**Task objective**
Copy exactly, and only, the lines from the one with "- Obesek za" to the end of the listing; omit pictures.

_ _ _ _ _ _ _

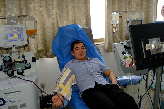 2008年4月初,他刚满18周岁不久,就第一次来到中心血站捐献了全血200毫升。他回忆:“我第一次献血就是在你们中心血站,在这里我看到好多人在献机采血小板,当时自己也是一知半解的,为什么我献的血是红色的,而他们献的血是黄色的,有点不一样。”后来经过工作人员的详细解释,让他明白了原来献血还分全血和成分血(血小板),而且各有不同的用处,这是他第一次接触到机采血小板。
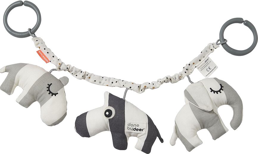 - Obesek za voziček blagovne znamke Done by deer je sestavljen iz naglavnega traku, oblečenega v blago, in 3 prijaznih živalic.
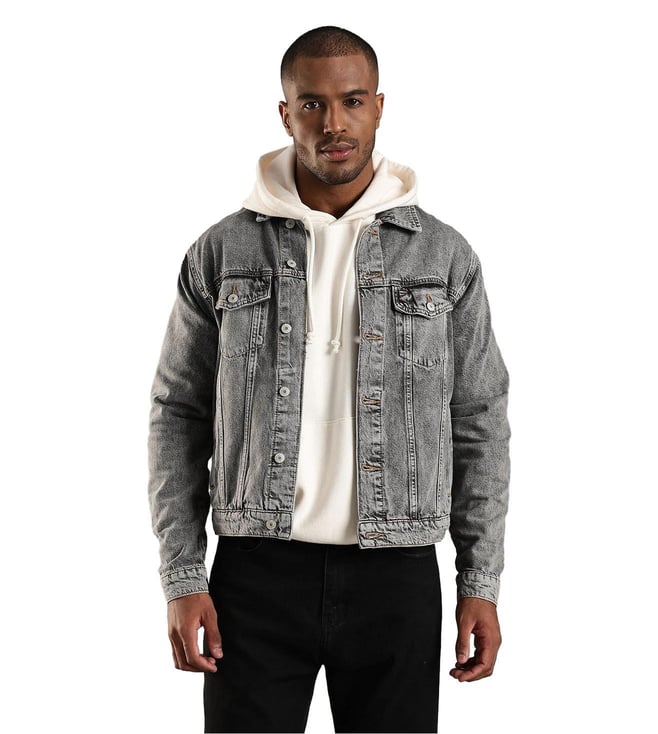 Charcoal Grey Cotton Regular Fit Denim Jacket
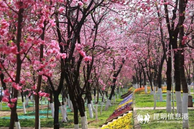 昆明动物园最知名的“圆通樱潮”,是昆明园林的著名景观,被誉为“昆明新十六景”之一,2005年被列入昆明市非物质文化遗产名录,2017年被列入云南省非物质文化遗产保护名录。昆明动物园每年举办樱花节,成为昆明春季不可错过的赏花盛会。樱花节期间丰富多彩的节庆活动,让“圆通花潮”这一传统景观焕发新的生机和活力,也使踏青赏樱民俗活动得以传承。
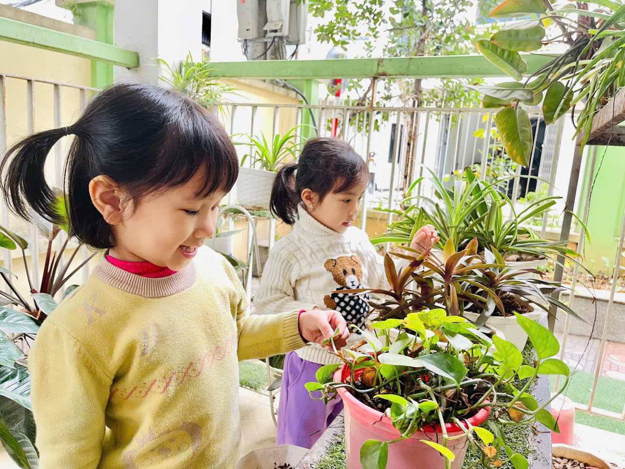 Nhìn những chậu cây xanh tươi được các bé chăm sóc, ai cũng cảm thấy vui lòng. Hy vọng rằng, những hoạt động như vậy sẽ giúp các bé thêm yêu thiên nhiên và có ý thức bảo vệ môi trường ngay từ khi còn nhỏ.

_ _ _ _ _ _ _

**Problem solution**
 - Obesek za voziček blagovne znamke Done by deer je sestavljen iz naglavnega traku, oblečenega v blago, in 3 prijaznih živalic.
 Charcoal Grey Cotton Regular Fit Denim Jacket
 昆明动物园最知名的“圆通樱潮”,是昆明园林的著名景观,被誉为“昆明新十六景”之一,2005年被列入昆明市非物质文化遗产名录,2017年被列入云南省非物质文化遗产保护名录。昆明动物园每年举办樱花节,成为昆明春季不可错过的赏花盛会。樱花节期间丰富多彩的节庆活动,让“圆通花潮”这一传统景观焕发新的生机和活力,也使踏青赏樱民俗活动得以传承。
 Nhìn những chậu cây xanh tươi được các bé chăm sóc, ai cũng cảm thấy vui lòng. Hy vọng rằng, những hoạt động như vậy sẽ giúp các bé thêm yêu thiên nhiên và có ý thức bảo vệ môi trường ngay từ khi còn nhỏ.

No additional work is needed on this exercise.